Home

morfem.id

morfem.id

Your Trusted Voice Across the World.

Search

Pihak Yaqut Bantah Isu Transaksi Uang dalam Kasus Haji

Avatar super admin
super admin
April 27, 2026
Pihak Yaqut Bantah Isu Transaksi Uang dalam Kasus Haji

JAKARTA – Tim kuasa hukum eks Menteri Agama Yaqut Cholil Qoumas menegaskan tidak pernah ada penerimaan maupun pemberian uang dalam kasus dugaan korupsi kuota haji.

Melansir Metrotvnews.com, dia memastikan jika ada pihak yang mengeklaim soal penerimaan dan pemberian uang tersebut, maka informasi tersebut tidak benar.

“Apabila terdapat pihak-pihak tertentu yang mengaku menerima perintah dari Klien Kami atau melaksanakan perintah Klien Kami terkait hal tersebut, maka pernyataan demikian adalah tidak benar dan harus dibuktikan secara sah, bukan disebarluaskan sebagai kebenaran yang telah final dan terbukti,” tegas Dodi S. Abdulkadir, salah satu tim kuasa hukum Yaqut dalam surat hak jawab kepada Metrotvnews.com, Senin (27/4/2026).

Dia menjelaskan Yaqut tak pernah dikonfirmasi secara langsung dan berimbang mengenai keberadaan uang USD1 juta, yang disebut Komisi Pemberantasan Korupsi (KPK) telah disita.

Menurut dia, KPK juga tidak pernah menjelaskan alur uang tersebut dan tidak pernah mengonfrontasi soal keberadaan uang tersebut.

“Tidak pernah ditanya apakah pernah menerima uang itu, dan tidak pernah pula ditanya apakah pernah memberikan uang itu, baik sendiri maupun melalui pihak lain,” ujar dia.

Menurut dia, dalam keadaan seperti itu, pemberitaan yang menggunakan formulasi afirmatif seolah-olah telah terjadi pemberian oleh Yaqut, telah membentuk persepsi kliennya melakukan perbuatan tersebut.

Dengan sendirinya, lanjut dia, Yaqut telah “dihukum” di ruang publik sebelum ada pembuktian kebenaran materiil melalui proses pemeriksaan di pengadilan.

“Hal ini merupakan bentuk trial by the press yang nyata-nyata mencederai asas praduga tidak bersalah dan hak Klien Kami untuk memperoleh proses hukum yang adil,” terangnya.

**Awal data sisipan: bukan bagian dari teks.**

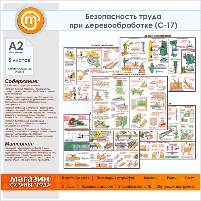 Плакаты «Безопасность труда при деревообработке» (С-17, ламинированная бумага, А2, 5 листов) в Старом Осколе купить
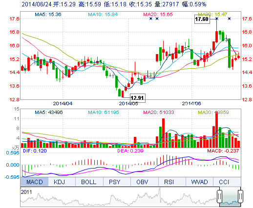 今开: 15.29 成交量: 2.79万手 振幅: 2.69% 最高: 15.59 成交额: 4295.11万元 换手率: 2.08% 最低: 15.18 总市值: 21.28亿 市净率: 6.22 昨收: 15.26 流通市...

Lebih lanjut, pemberitaan soal penyitaan uang tersebut dibangun hampir seluruhnya dari pernyataan aparat penegak hukum dalam suatu konferensi pers. Sedangkan, pihaknya tidak memiliki ruang untuk memberikan tanggapan, penjelasan, atau bantahan agar berimbang.

“Padahal salah satu anggota Pansus sendiri, diberitakan menyatakan tidak mengetahui adanya hal tersebut dan mengaku terkejut atas narasi upaya pengondisian dimaksud,” ucap dia.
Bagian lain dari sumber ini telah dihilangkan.